_INFORMATION SHOWN_
---------------

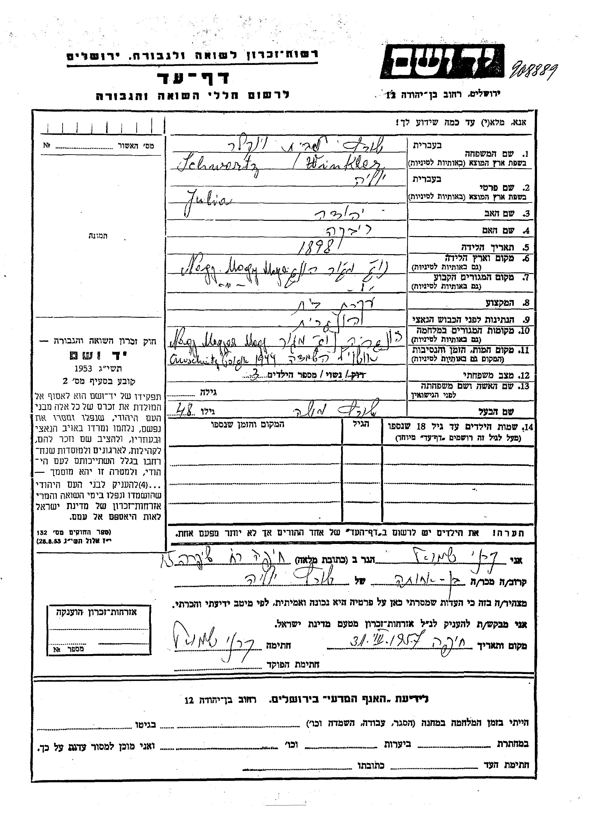 Julia Schwartz, geb. Winkler wurde im Jahr 1898 in Nagymegyer, Ungarn geboren. Sie war die Tochter von Yehuda und Rivka. Sie war Hausfrau und mit Moshe Verheiratet. Vor dem Zweiten Weltkrieg lebte sie in Nagymegyer, Ungarn. Während des Krieges war sie in Nagymegyer, Ungarn.
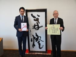岐阜市出身の書家 安藤秀川氏からの書作品「篝燈」の寄附に対して感謝状を贈呈
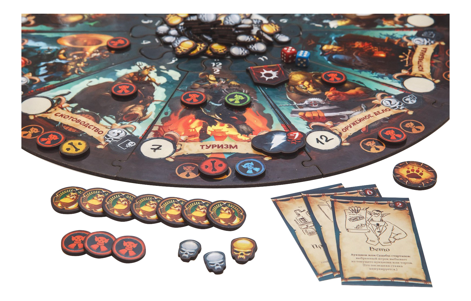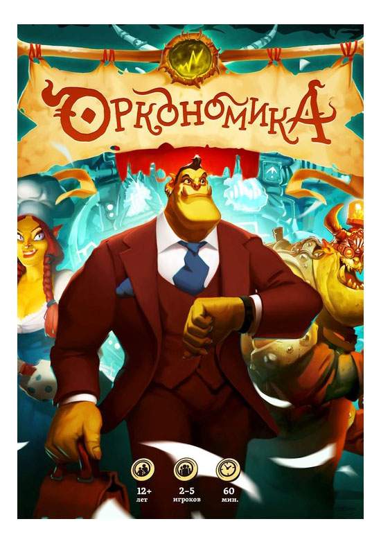 • Комплектация 50 фишек компаний, 31 трофей, 2 кубика Провидения, Жетон Активности, Жетон Кризиса, Жетон Оракула, 50 серебряных черепов, 30 золотых черепов, Жетон Ущербного Орка, 2 маркера со стирателями, 48 карт влияния, 5 карт памяток, Игровое поле из 10 секторов отраслей и центральной части, Правила игры
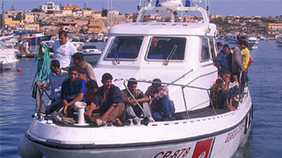 Un groupe de boat people dont l'embarcation a été interceptée par les garde-côtes italiens au large de l'île de Lampedusa. De plus en plus de personnes périssent lors de ces longues traversées en mer.

---------------

_ACTIVITY_
Without the pictures, return the whole of the data exactly as given.

_RESPONSE TO THIS TASK_
 Julia Schwartz, geb. Winkler wurde im Jahr 1898 in Nagymegyer, Ungarn geboren. Sie war die Tochter von Yehuda und Rivka. Sie war Hausfrau und mit Moshe Verheiratet. Vor dem Zweiten Weltkrieg lebte sie in Nagymegyer, Ungarn. Während des Krieges war sie in Nagymegyer, Ungarn.
岐阜市出身の書家 安藤秀川氏からの書作品「篝燈」の寄附に対して感謝状を贈呈
 • Комплектация 50 фишек компаний, 31 трофей, 2 кубика Провидения, Жетон Активности, Жетон Кризиса, Жетон Оракула, 50 серебряных черепов, 30 золотых черепов, Жетон Ущербного Орка, 2 маркера со стирателями, 48 карт влияния, 5 карт памяток, Игровое поле из 10 секторов отраслей и центральной части, Правила игры
 Un groupe de boat people dont l'embarcation a été interceptée par les garde-côtes italiens au large de l'île de Lampedusa. De plus en plus de personnes périssent lors de ces longues traversées en mer.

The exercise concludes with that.